What Is a PLC? An Introduction to Programmable Logic Controllers

What is a PLC? This article will lay out a succinct definition of a programmable logic controller and explain its basic components.

The programmable logic controller, or PLC, is ubiquitous in every kind of process and manufacturing industry today. PLCs were initially designed to replace electromechanical relay systems in order to offer a simpler solution for modifying the operation of a control system. Rather than having to rewire a large bank of relays, a quick download from a PC or programming device enables changes to the control logic in a matter of seconds.

In this article, we’ll introduce the concept of a PLC and explain its basics.

What Is a PLC?

A PLC is an industrial-grade digital computer designed to perform control functions—especially for industrial applications.
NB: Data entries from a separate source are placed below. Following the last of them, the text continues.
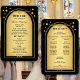 Classic gold and black wedding program hand fan with elegant sparkling gold confetti.
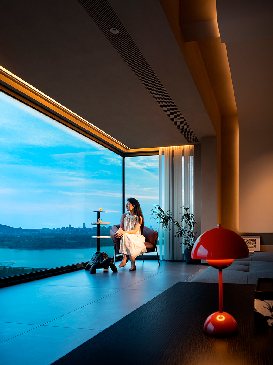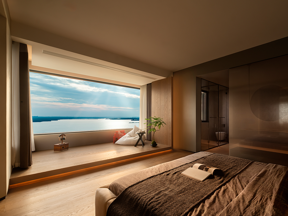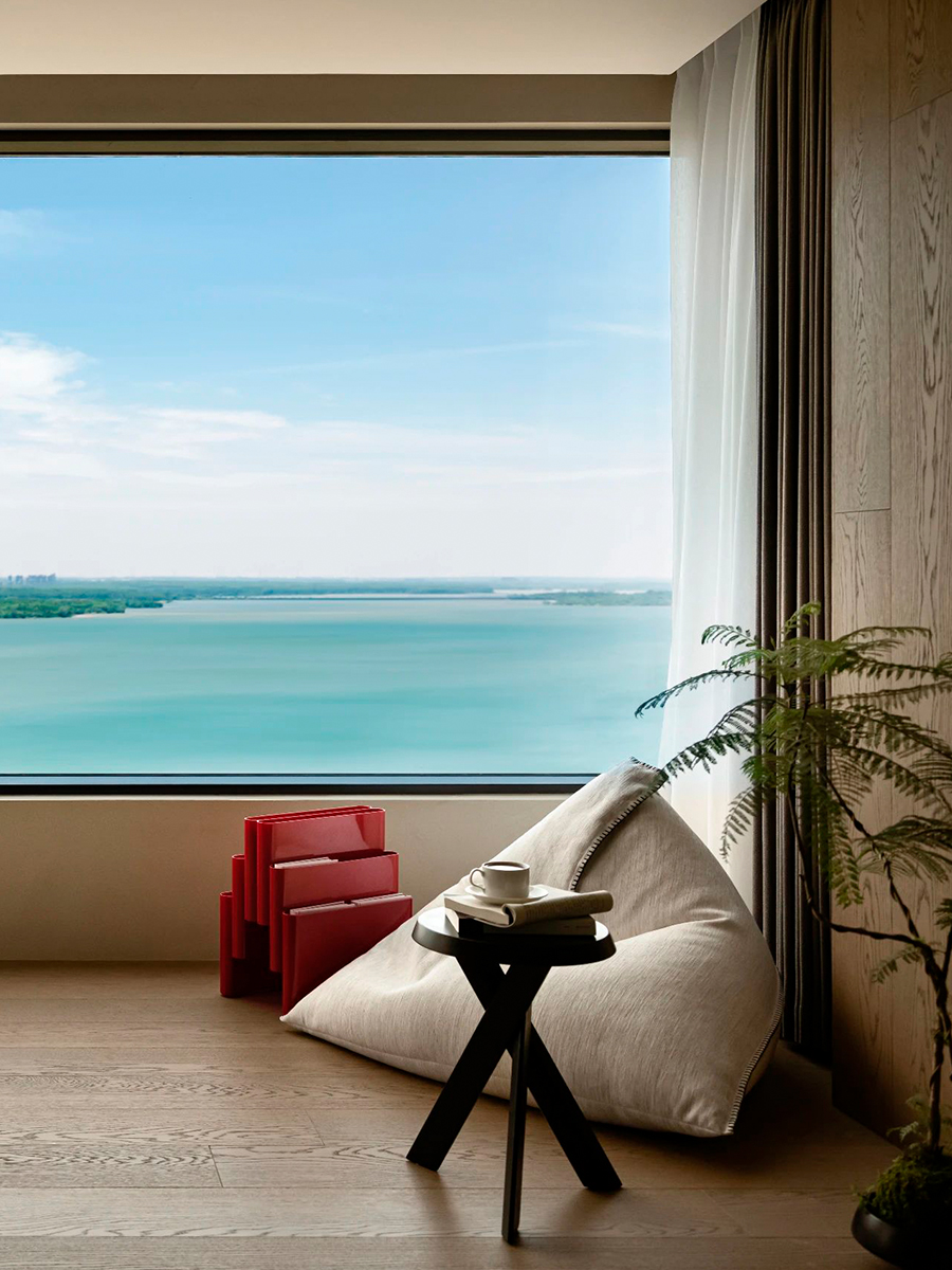 Особняк в китайском городском округе Хэфэй, окруженный живописными видами на горы и озеро, – замечательный пример создания пространства, в котором красота природного ландшафта становится главным украшением. На эту идею работает каждый элемент интерьера: умиротворяющая природная палитра, отсутствие ярких отвлекающих деталей, мягкий уютный текстиль и обилие в отделке натурального дерева с приятной шелковисто-дымчатой текстурой. Здесь царит атмосфера релакса и покоя, позволяющая в полной мере насладиться волшебными природными пейзажами, открывающимися из огромных панорамных окон.
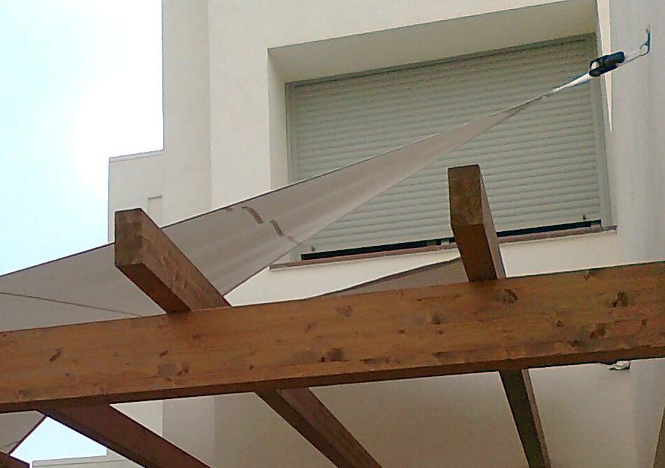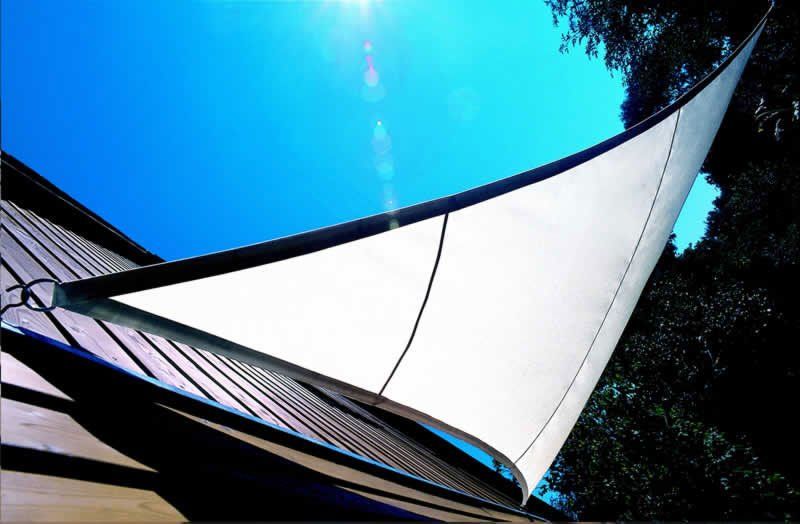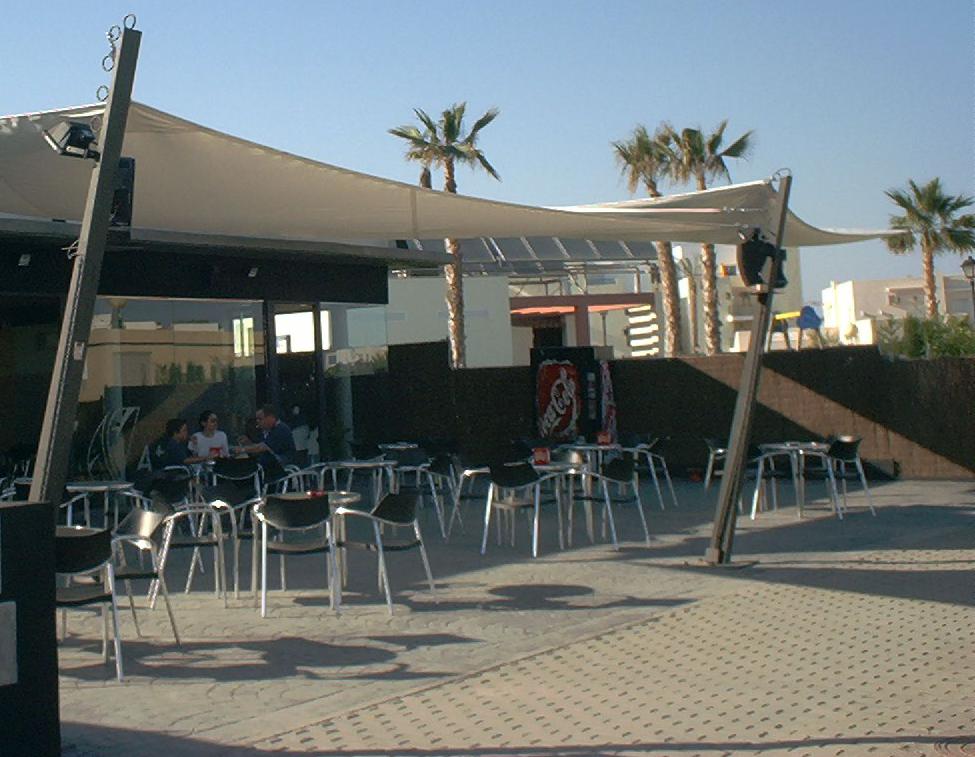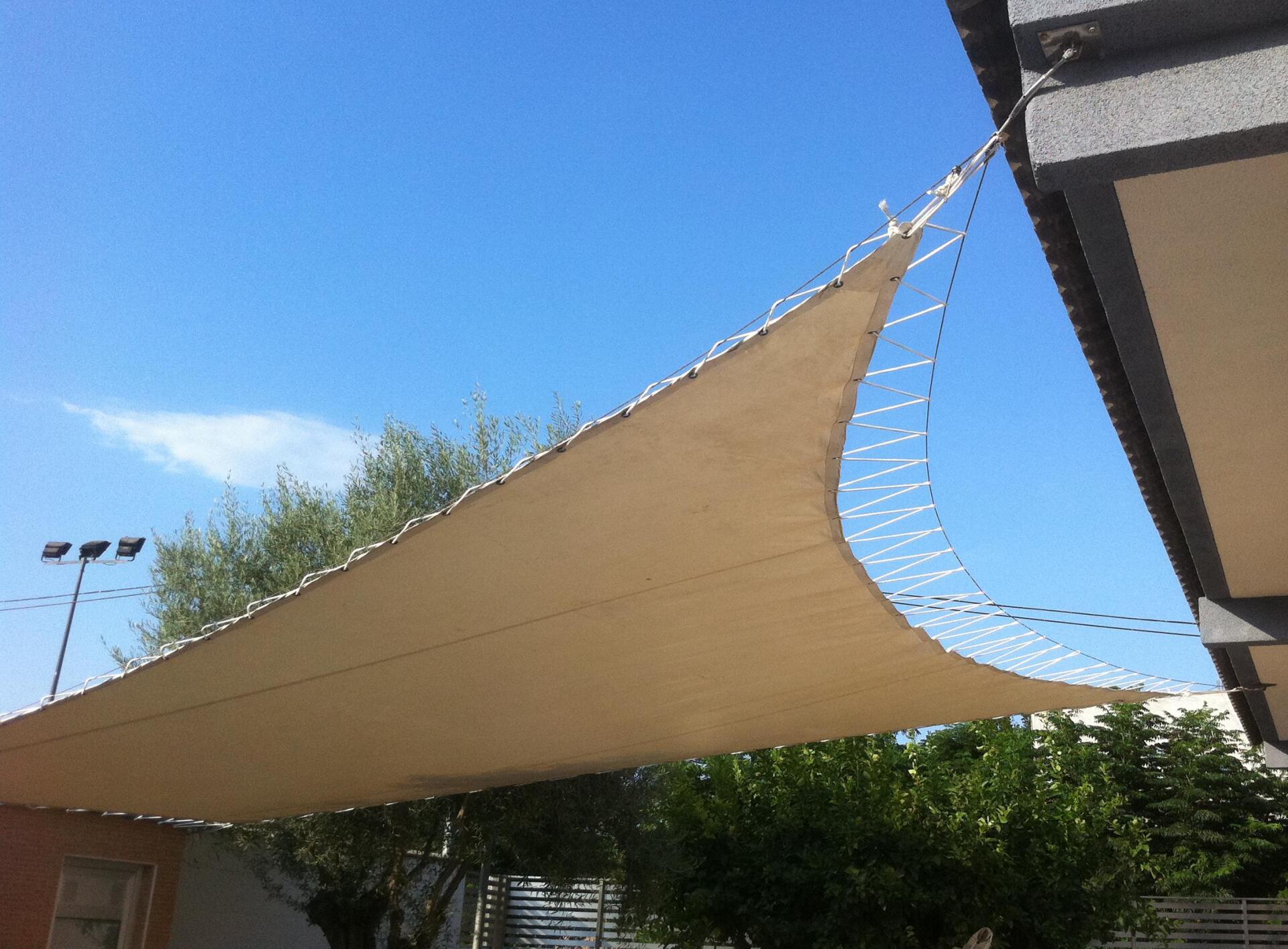 Lona Tensada fija confeccionada con lona plastificada, con costuras soldadas y cable de acero por todo el perímetro de la misma. Las esquinas de la vela están reforzadas y soldadas con la misma lona mas refuerzo metálico inoxidable.

The majority of PLCs today are modular, allowing the user to add an assortment of functionality including discrete and analog inputs and outputs, PID control, position control, motor control, serial communication, and high-speed networking. Compared to older technologies such as relay banks, the PLC is far easier to troubleshoot and maintain, more reliable, more cost-effective, and far more versatile.

Siemens PLCs

Figure 1. A modern set of industrial PLCs. Image used courtesy of Siemens

Modicon, shortened from ‘modular digital controller’, is both the name of the first PLC product invented in 1968 and the brand that invented it, although now owned by Schneider Electric.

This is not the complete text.